— WHAT THIS TASK INVOLVES —
From the line with "Historic Map - World" to the line with "The hotel's location, facing", output every line below exactly, both ends included. Skip the pictures.

— SUPPLIED INFORMATION —

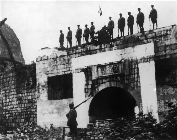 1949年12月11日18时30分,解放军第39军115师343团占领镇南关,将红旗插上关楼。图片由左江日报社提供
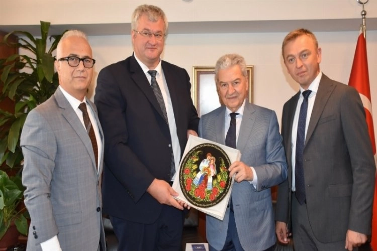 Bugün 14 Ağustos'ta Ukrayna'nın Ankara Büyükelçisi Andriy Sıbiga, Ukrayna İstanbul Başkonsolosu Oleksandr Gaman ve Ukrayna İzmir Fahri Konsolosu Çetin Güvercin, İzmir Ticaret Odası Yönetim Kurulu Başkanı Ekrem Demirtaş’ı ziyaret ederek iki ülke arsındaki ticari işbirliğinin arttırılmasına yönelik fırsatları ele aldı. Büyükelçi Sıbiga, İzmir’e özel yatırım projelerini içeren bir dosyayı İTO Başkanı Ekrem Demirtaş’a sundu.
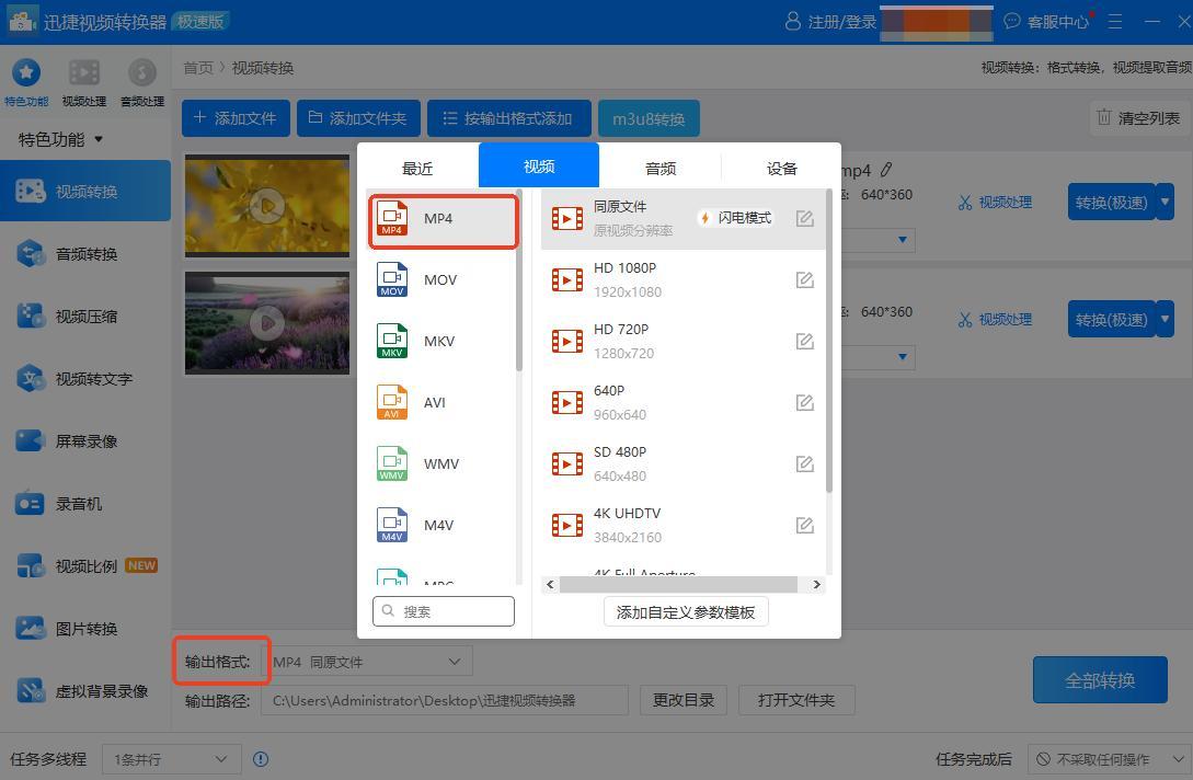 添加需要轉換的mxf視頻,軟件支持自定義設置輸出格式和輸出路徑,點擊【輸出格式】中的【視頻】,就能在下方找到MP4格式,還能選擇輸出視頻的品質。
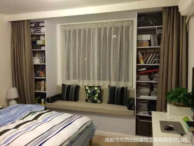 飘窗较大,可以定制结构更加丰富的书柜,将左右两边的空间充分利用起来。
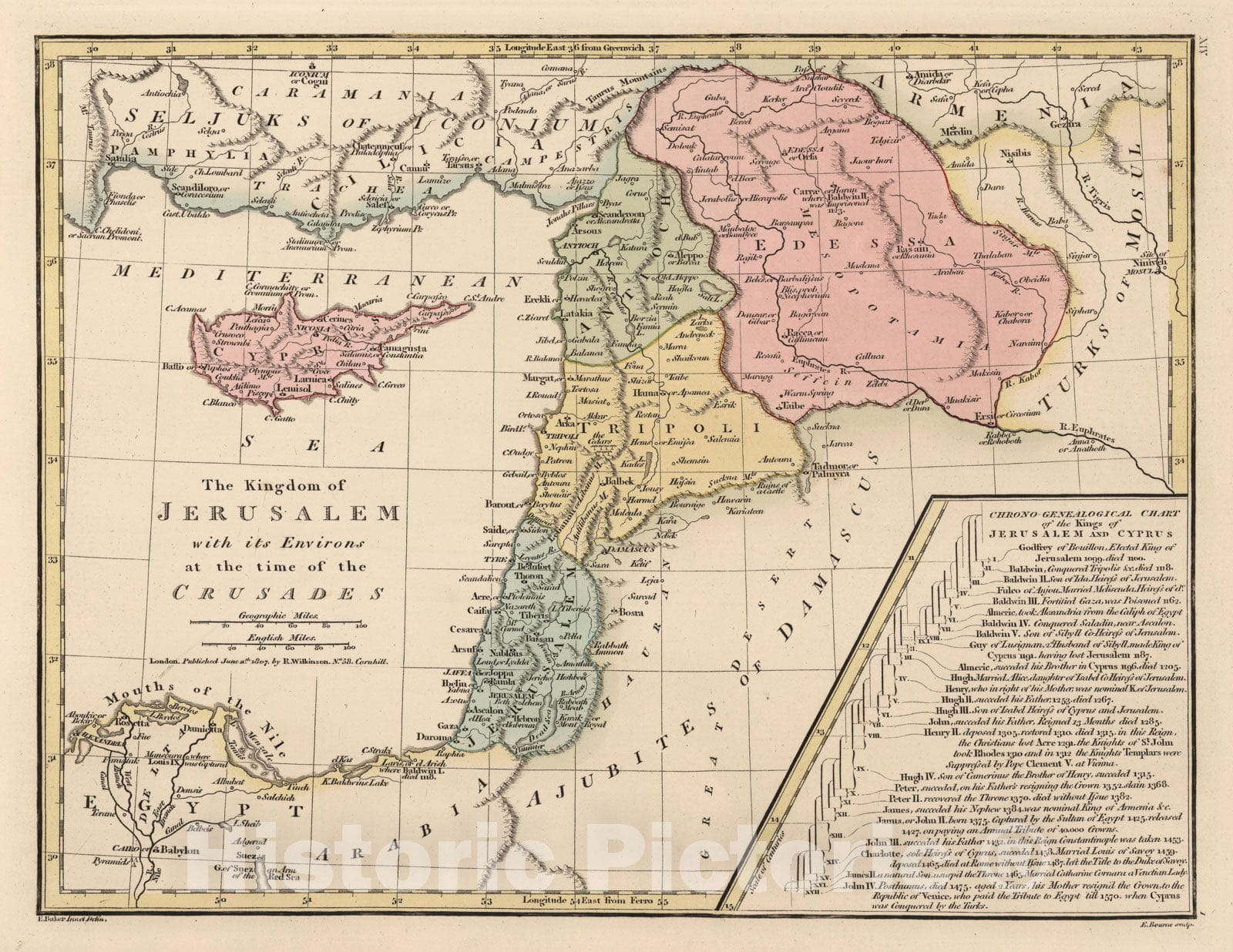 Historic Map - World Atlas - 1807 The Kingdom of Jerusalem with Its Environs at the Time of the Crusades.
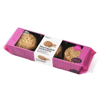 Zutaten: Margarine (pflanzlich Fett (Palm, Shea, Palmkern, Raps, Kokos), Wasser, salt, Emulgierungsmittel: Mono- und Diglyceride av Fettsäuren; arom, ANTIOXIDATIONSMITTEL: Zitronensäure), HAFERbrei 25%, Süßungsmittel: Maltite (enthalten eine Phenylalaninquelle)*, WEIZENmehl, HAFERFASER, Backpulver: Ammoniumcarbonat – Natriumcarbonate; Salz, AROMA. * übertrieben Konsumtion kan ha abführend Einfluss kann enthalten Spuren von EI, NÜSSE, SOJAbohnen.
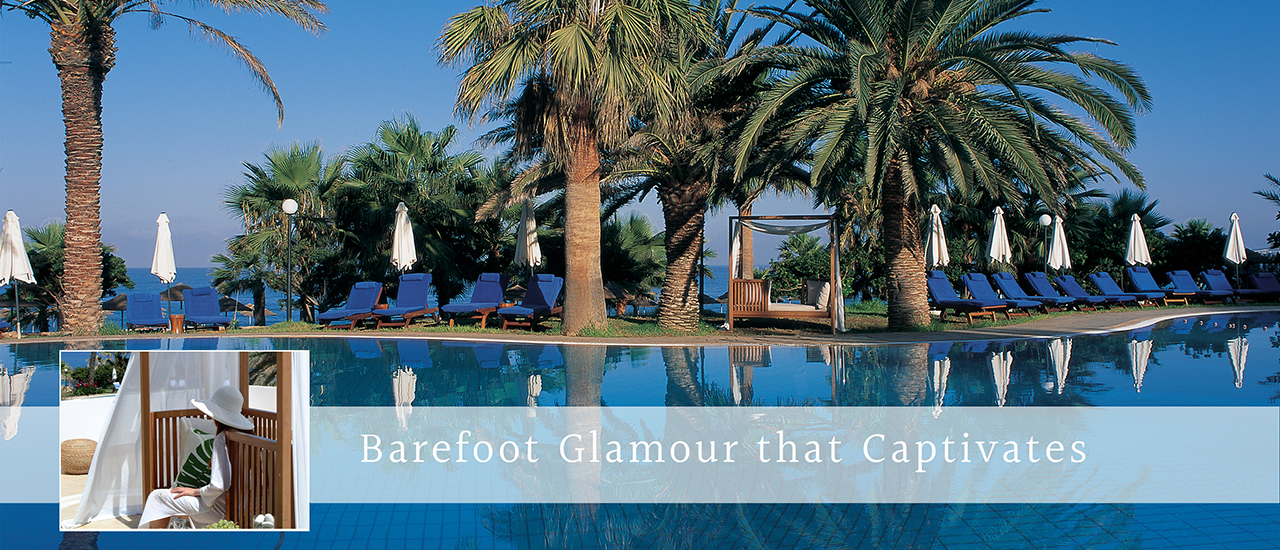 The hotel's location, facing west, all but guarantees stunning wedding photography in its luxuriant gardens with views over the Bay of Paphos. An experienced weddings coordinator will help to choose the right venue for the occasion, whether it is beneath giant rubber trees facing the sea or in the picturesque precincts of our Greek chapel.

==

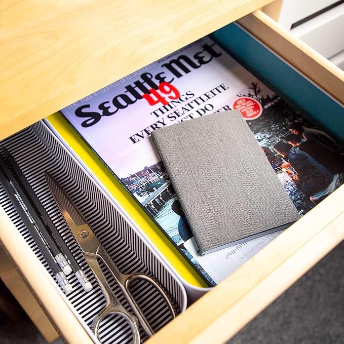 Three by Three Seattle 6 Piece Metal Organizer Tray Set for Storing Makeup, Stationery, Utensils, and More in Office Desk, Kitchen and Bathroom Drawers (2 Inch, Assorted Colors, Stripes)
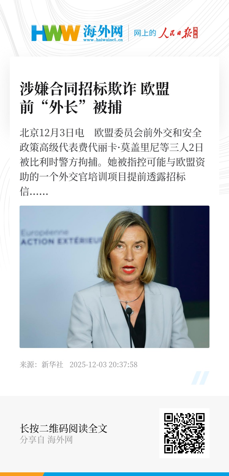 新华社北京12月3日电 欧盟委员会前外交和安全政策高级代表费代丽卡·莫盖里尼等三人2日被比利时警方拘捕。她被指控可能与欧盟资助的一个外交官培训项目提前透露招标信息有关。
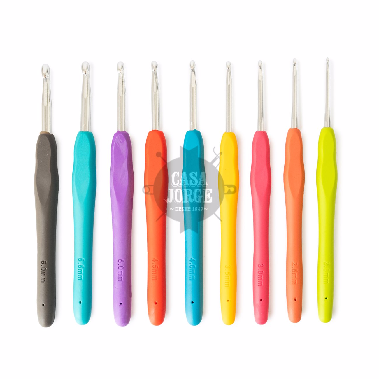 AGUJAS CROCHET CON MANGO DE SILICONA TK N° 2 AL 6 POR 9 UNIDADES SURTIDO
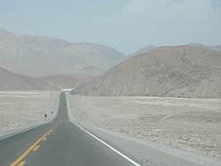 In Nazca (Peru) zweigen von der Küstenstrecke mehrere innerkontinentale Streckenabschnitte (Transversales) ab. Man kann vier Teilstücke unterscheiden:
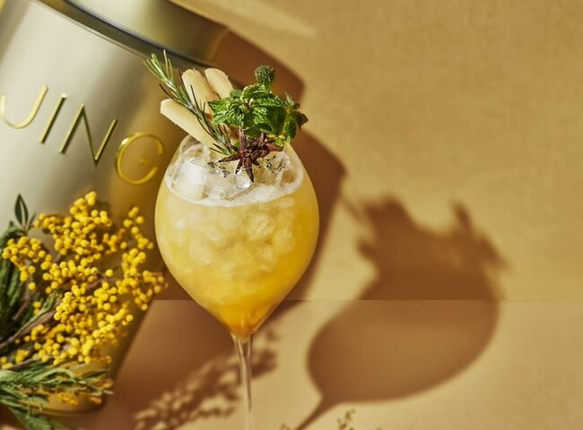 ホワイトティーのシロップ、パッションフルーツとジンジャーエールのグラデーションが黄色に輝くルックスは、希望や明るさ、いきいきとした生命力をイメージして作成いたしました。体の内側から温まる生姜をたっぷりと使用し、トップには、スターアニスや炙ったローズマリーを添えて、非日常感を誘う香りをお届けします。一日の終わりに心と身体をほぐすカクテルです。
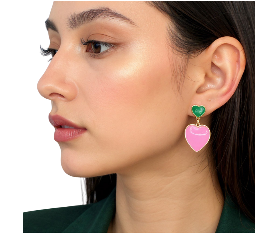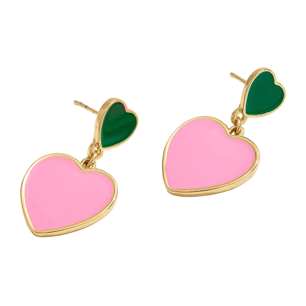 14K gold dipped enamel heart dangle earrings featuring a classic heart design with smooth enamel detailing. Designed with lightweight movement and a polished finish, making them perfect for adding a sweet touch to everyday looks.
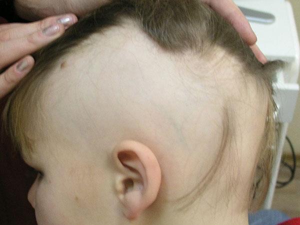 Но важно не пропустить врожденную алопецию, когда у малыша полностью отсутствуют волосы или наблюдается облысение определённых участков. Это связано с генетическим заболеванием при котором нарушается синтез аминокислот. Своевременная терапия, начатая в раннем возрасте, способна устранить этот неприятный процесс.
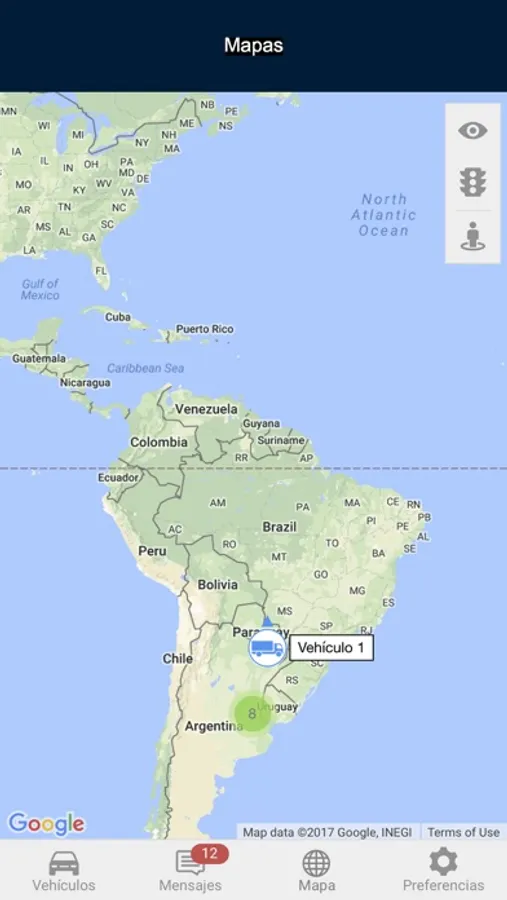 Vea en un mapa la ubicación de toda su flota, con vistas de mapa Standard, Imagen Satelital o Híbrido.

---

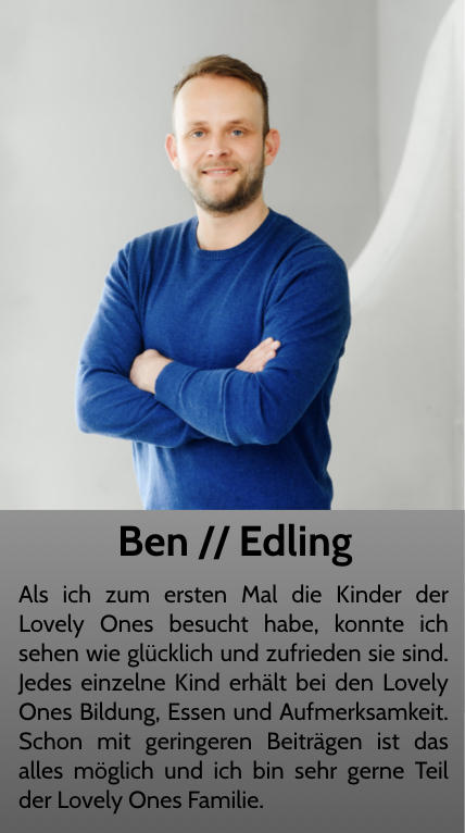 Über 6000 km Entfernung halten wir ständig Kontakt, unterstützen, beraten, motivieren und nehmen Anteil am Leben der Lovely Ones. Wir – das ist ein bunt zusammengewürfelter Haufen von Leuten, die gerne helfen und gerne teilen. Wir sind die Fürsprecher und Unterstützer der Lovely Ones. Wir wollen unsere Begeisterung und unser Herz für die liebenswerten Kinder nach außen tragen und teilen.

— THE COMPLETED TASK —
 Historic Map - World Atlas - 1807 The Kingdom of Jerusalem with Its Environs at the Time of the Crusades.
 Zutaten: Margarine (pflanzlich Fett (Palm, Shea, Palmkern, Raps, Kokos), Wasser, salt, Emulgierungsmittel: Mono- und Diglyceride av Fettsäuren; arom, ANTIOXIDATIONSMITTEL: Zitronensäure), HAFERbrei 25%, Süßungsmittel: Maltite (enthalten eine Phenylalaninquelle)*, WEIZENmehl, HAFERFASER, Backpulver: Ammoniumcarbonat – Natriumcarbonate; Salz, AROMA. * übertrieben Konsumtion kan ha abführend Einfluss kann enthalten Spuren von EI, NÜSSE, SOJAbohnen.
 The hotel's location, facing west, all but guarantees stunning wedding photography in its luxuriant gardens with views over the Bay of Paphos. An experienced weddings coordinator will help to choose the right venue for the occasion, whether it is beneath giant rubber trees facing the sea or in the picturesque precincts of our Greek chapel.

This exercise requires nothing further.